Жизнь человека состоит из бесконечно малых фрагментов времени — мгновений, но сейчас речь не о них. Мгновения складываются в периоды, имеющие довольно большую продолжительность. Их называют этапами жизни или творчества. Каждый этап — время снимать. На стыках этапов происходят потрясения — вплоть до смены мировоззрения. Начинается другое время снимать — никакое другое время не позволит Вам снимать так, как сейчас снимаете Вы. Очень важно разобраться, в каком времени Вы находитесь сейчас, и не пытаться идти вспять. Попытка заглянуть в будущее, как правило, не приносит вреда — такой непонятый негатив или файл просто отправляется в архив и ждет там своего часа, но вот попытка увидеть объект таким, каким Вы его видели пять, десять, двадцать лет назад может окончиться печально — вероятно жестокое разочарование. Ведь тогда шел другой этап, было другое время снимать. А Вы по каким-то причинам тогда не снимали. Вам может повезти, и Вы отыщете очень похожий момент. Пытаться же сознательно вернуться в какой-то из моментов в прошлом этапе бессмысленно. Для этого, по крайней мере, надо стать таким, каким Вы были раньше, а это невозможно. Что же касается ярких впечатлений детства, то их надо вспоминать, но попытки воспроизвести их кончаются болью. Разные стадии Вашей жизни диктуют разные взгляды на мир, но нужно сохранить какую-то частицу детского восприятия. Мы меняемся, но остаемся самими собой. Мы меняемся — и изменяется мир.
Мир меняется быстрее, чем мы привыкли считать. Мир меняется быстрее нас. Мир — это взрыв. Мы взрываемся с той же скоростью, что и все, что нас окружает, но наше сознание не успевает это осмыслить. Сознание не подчиняется физическим законам Вселенной.

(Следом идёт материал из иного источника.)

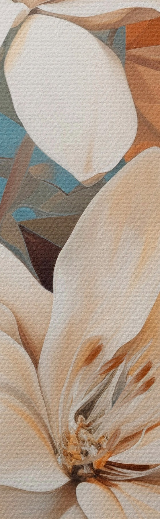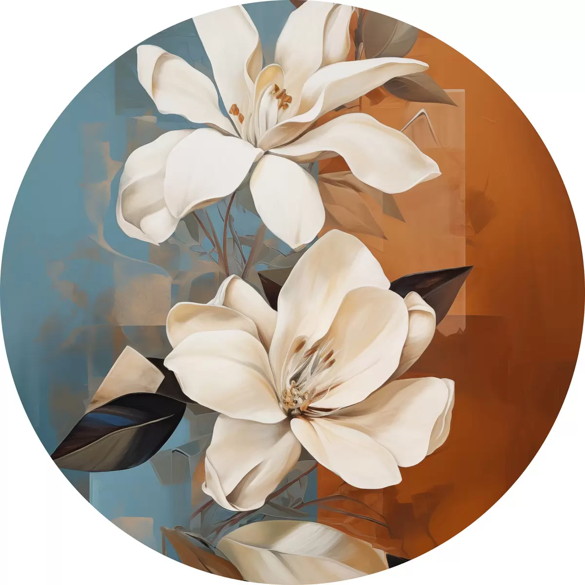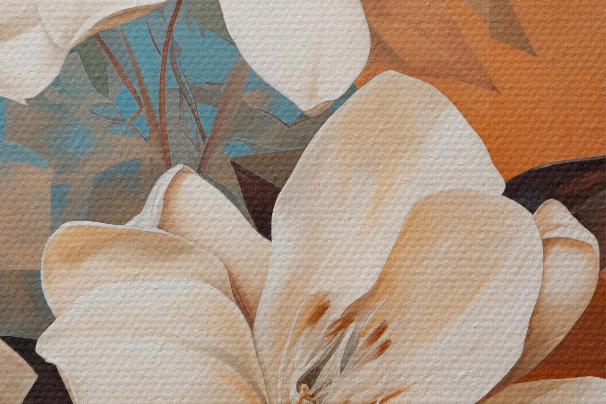 Obrázok Abstraktné biele kvety a listy na pozadí hnedých a modrých abstraktných tvarov v minimalistickom štýle Nr r46710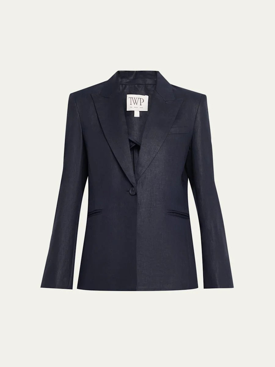 TWP's "Boy" blazer is realized in a classic, compact linen with a chintzed finish for structure and a subtle, luxe sheen Peak lapels; singlebutton front Custommolded shoulder pads Long sleeves; button cuffs Chest welt pocket Side pockets Vented back hem Oversized fit Linen Dry clean Made in USA SIZE amp; FITModel measurements: 5'10" tall Model is wearing a US size 4/Small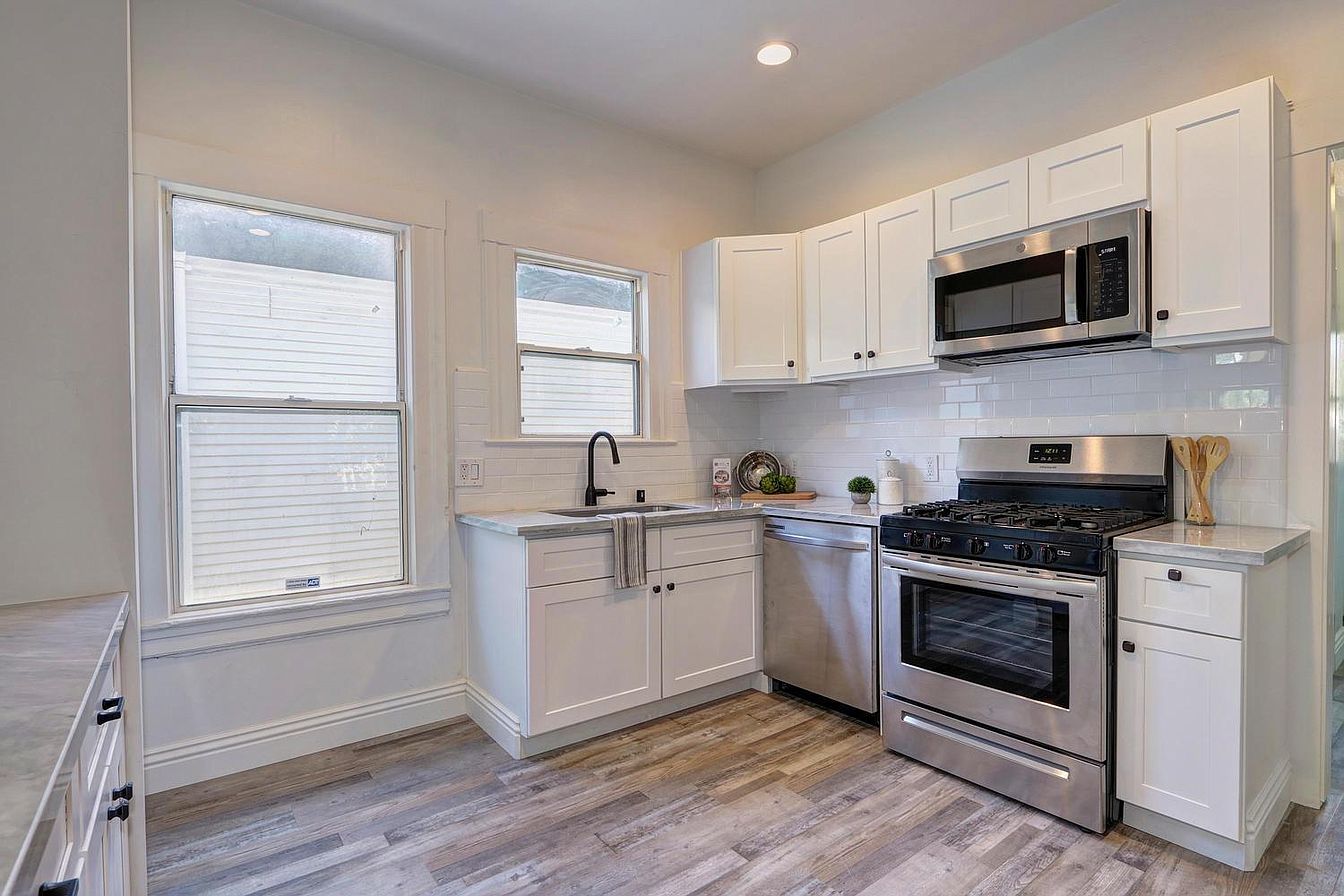 Stunning turn-key bungalow in the up and coming Oak Park area of Sacramento. Exquisite modern farmhouse thoughtfully updated with an abundance of natural light, fresh neutral colors and gorgeous laminate seamlessly throughout the entire home. Kitchen boasts of generous storage, quartz countertops, stainless steel appliances, and white shaker cabinets. Charming master bedroom with a beautiful en-suite is a flawless escape. Convenient indoor laundry leads out to the large fenced outdoor space. Private backyard with mature trees is a clean slate ready to be created into a paradise perfect for entertaining. Centrally located and close to parks, shopping, restaurants, and entertainment. Walking distance to the expansive and beautiful McClatchy Park and desirable Oak Park Farmers Market. This immaculate home is a definite must see! Remodeled/Updtd Desc: Bath 0-5YR, Bed 0-5YR, Kitchen 0-5YR

Новый этап — это новая любовь. Любовь — фундамент искусства, да и жизни вообще. Прежнюю любовь невозможно возродить, и поэтому Вы никогда не сможете видеть, как раньше. Но если Вы сохранили способность любить, тогда не упустите время снимать — время снимать, когда Вы любите, любите сейчас. Здесь и сейчас.
Пустота внутри нас
Мы боимся себя. Это факт. Почти любая деятельность проистекает из боязни оставить пустоту внутри себя незаполненной. Человек — дырявый сосуд, и заткнуть его невозможно. Пустоту постоянно требуется чем-то заполнять. Как это делается? Как угодно. Сколько людей, столько и способов. Один вкалывает, как вол. У другого день и ночь орет телевизор. Третий окружает себя людьми, причем не столько для того, чтобы они его любили, сколько для того, чтобы он любил их, а это — эгоизм в высшей степени; ведь делается сие для заполнения пустоты внутри себя. Но что в этом неестественного? Абсолютно самодостаточный человек показался бы нам нравственным уродом. И наоборот — чем больше в человеке пустоты, тем он более отталкивающ. Сколько в человеке должно быть пустоты? Ответить сложно. Можно сказать лишь: человек должен быть пуст частично.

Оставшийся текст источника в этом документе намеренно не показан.